As for the pedagogical implications, the important point is that MIT is making a statement that the value of an MIT education has to do with being at MIT, not with access to the materials. A move possible for them to make. Would anyone care if Kwantlen College suddenly made the same statement? It's certainly a strong branding move. But then, we wouldn't be surprised if Oxford were to declare that all their written course resources were available free, would we?

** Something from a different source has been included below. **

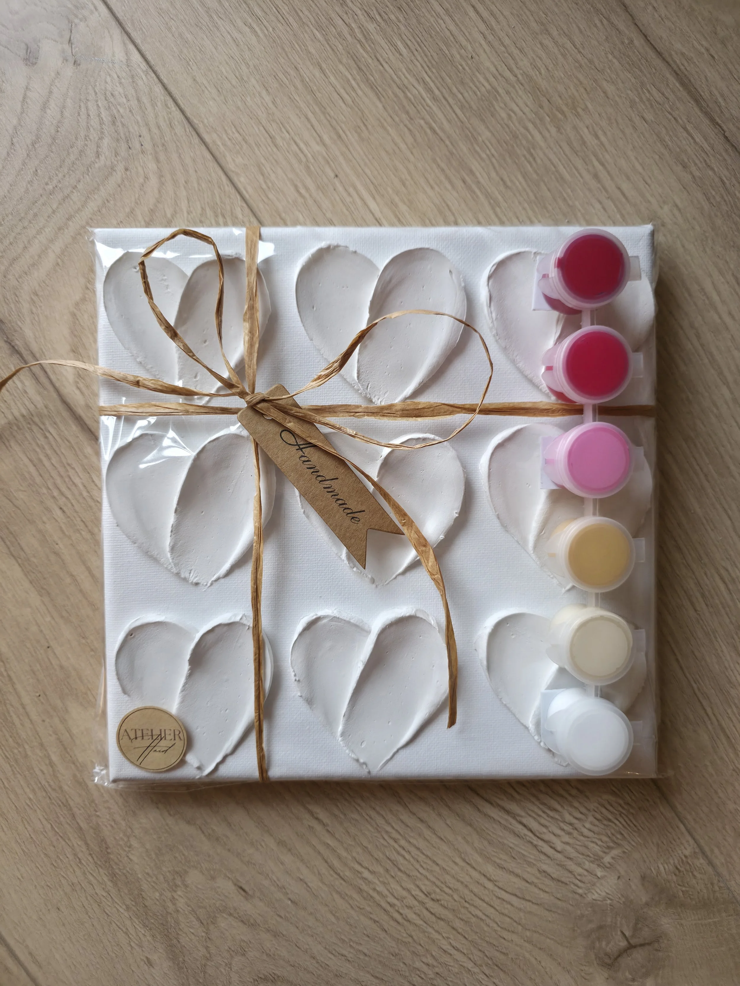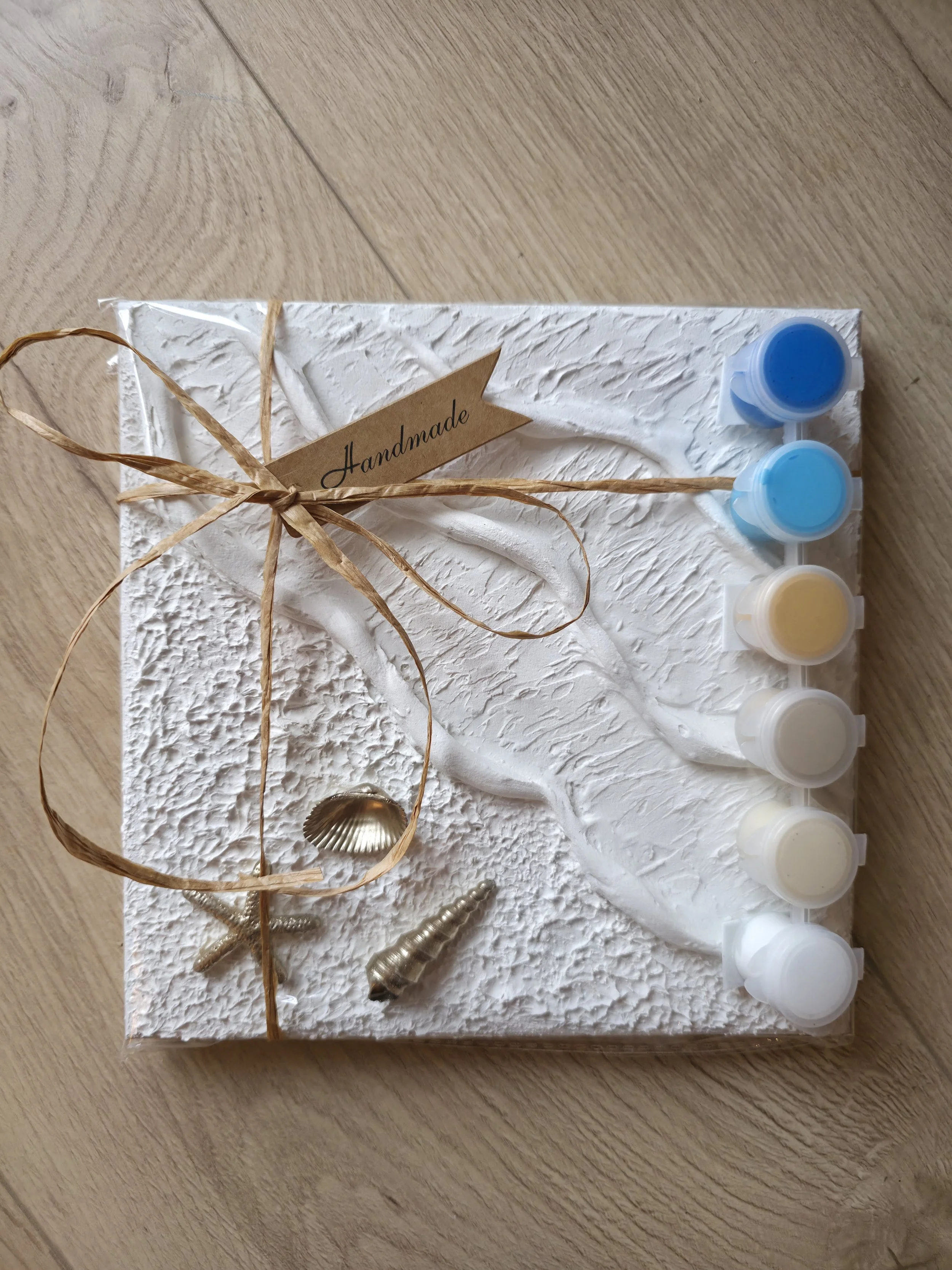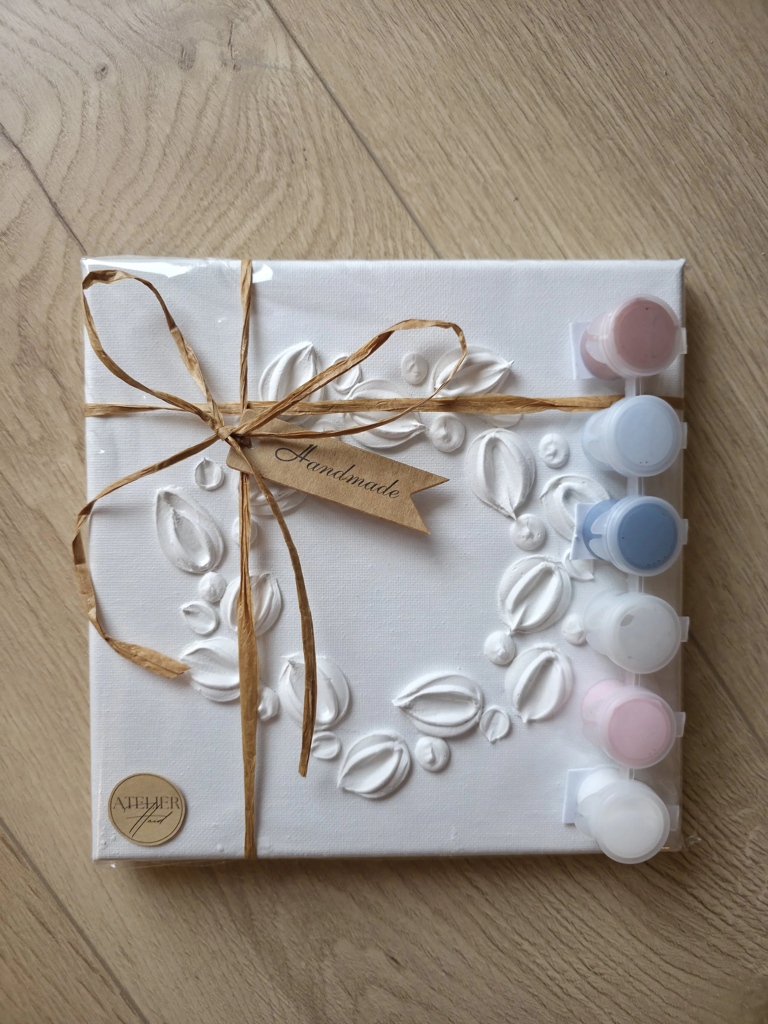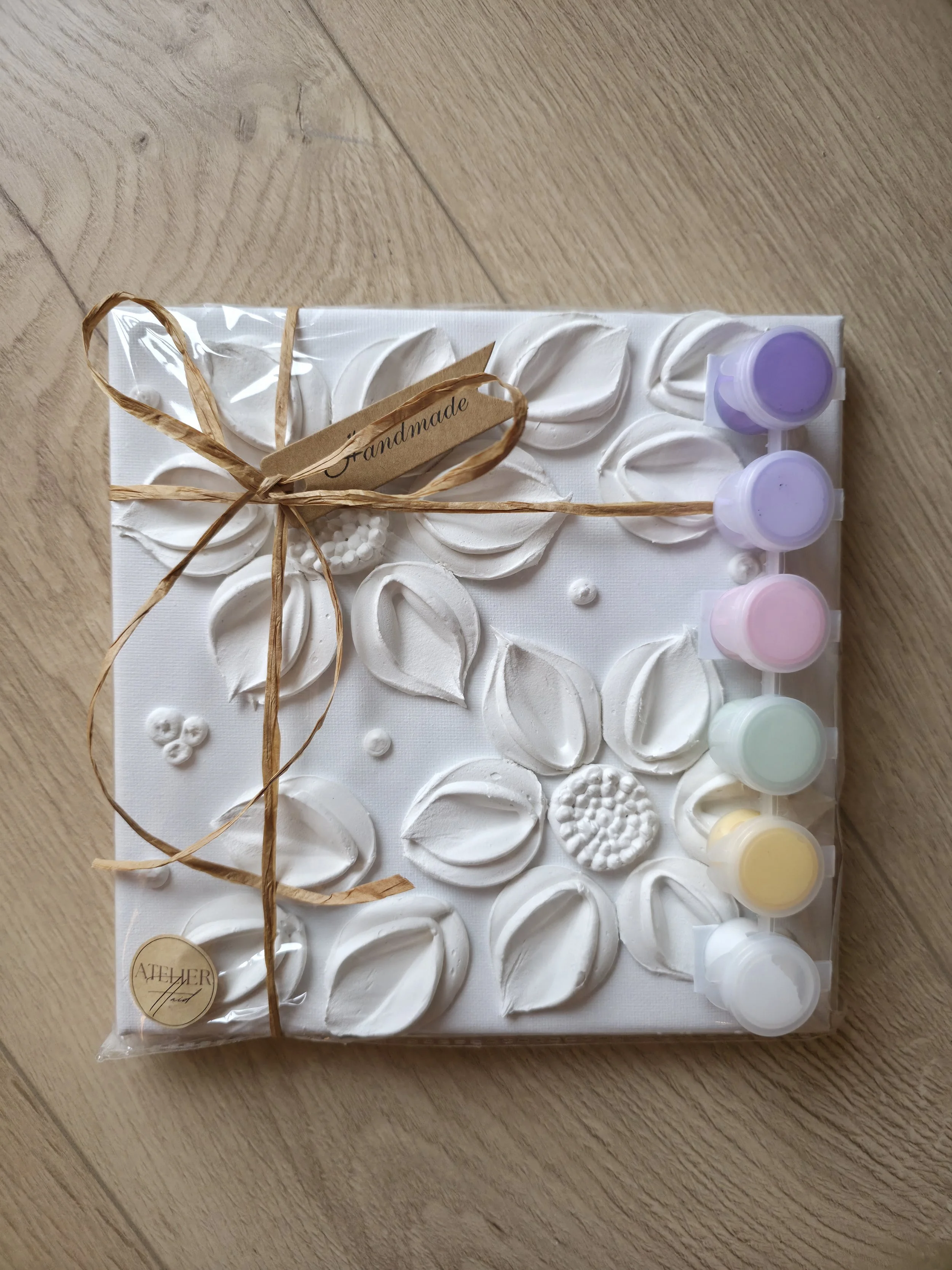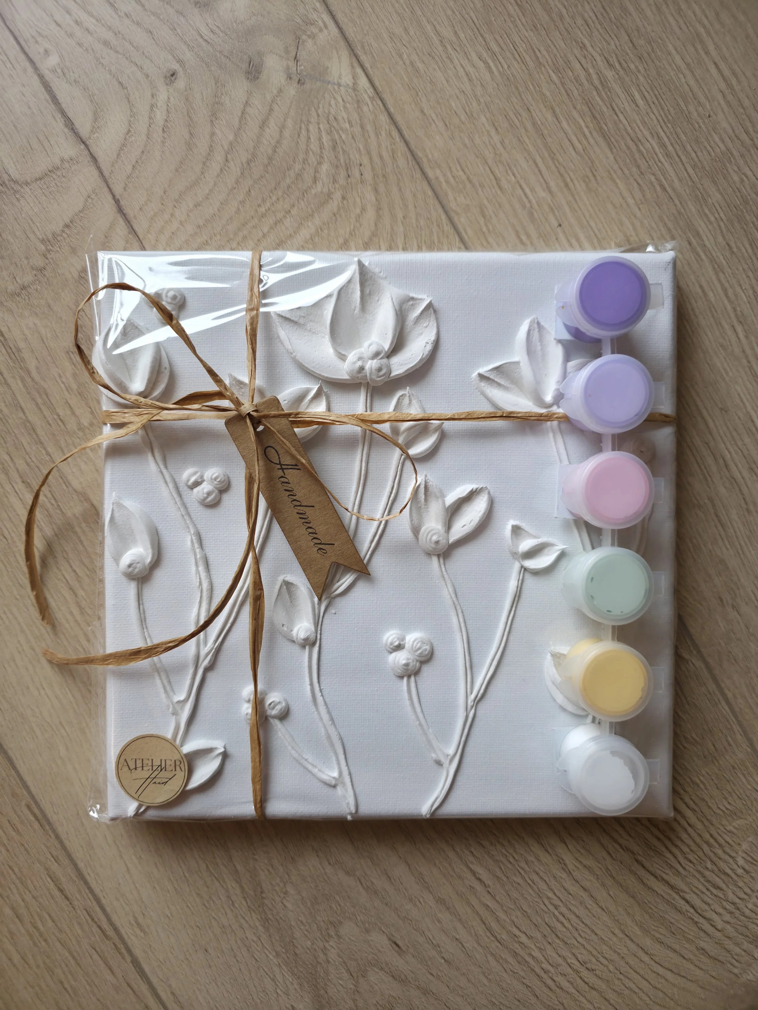 Jedes Set besteht aus einer 20×20 cm großen Leinwand mit einem von mir vorgefertigten Motiv aus Strukturpaste, 6 Acrylfarben und 2 Pinsel.

Finally, you mention "piracy." I'm not sure the term applies. If the materials are openly available, then no one is in a position to pirate (that is, "steal") them. As for instititions who would take these CC materials and illegitimately charge for access to them, it seems to me this can happen only on a limited basis, because anyone with an Internet connection can get the exact same materials for free. The free availability basically undercuts the ability of anyone to charge a gatekeeper fee. So I'd suspect we see fee-based education to continue as it always has (as it does at MIT), but that the competitive advantage of one university over another must become based on criterial other than their access to course texts.
Yes?
Piracy --paschal, Thu, 19 Apr 2007 15:58:23 -0700 reply
I take your point on the fact that piracy may not be the right term here. The term implies some sort of misappropriation though, and given the fact that MIT does not want the OCW to be used in a fee-based model of education, i think it can be used in that context...that is until a better term is put forward.
I might agree with your assertion that the piracy of these materials is not likely to happen widely, except that the reasoning you put forward leaves me wondering if you are thinking specifically about parts of the world where internet access is "easily" available. If so, i should then point out that i was thinking more of piracy in developing nations, as the commons license would be harder to enforce there anyway.
There is also the possibility that instructors may include the materials in their courses without declaring that they have done so to the institution for which they work. It does not have to be a grand conspiracy of universities colluding to make the most of MIT's generosity.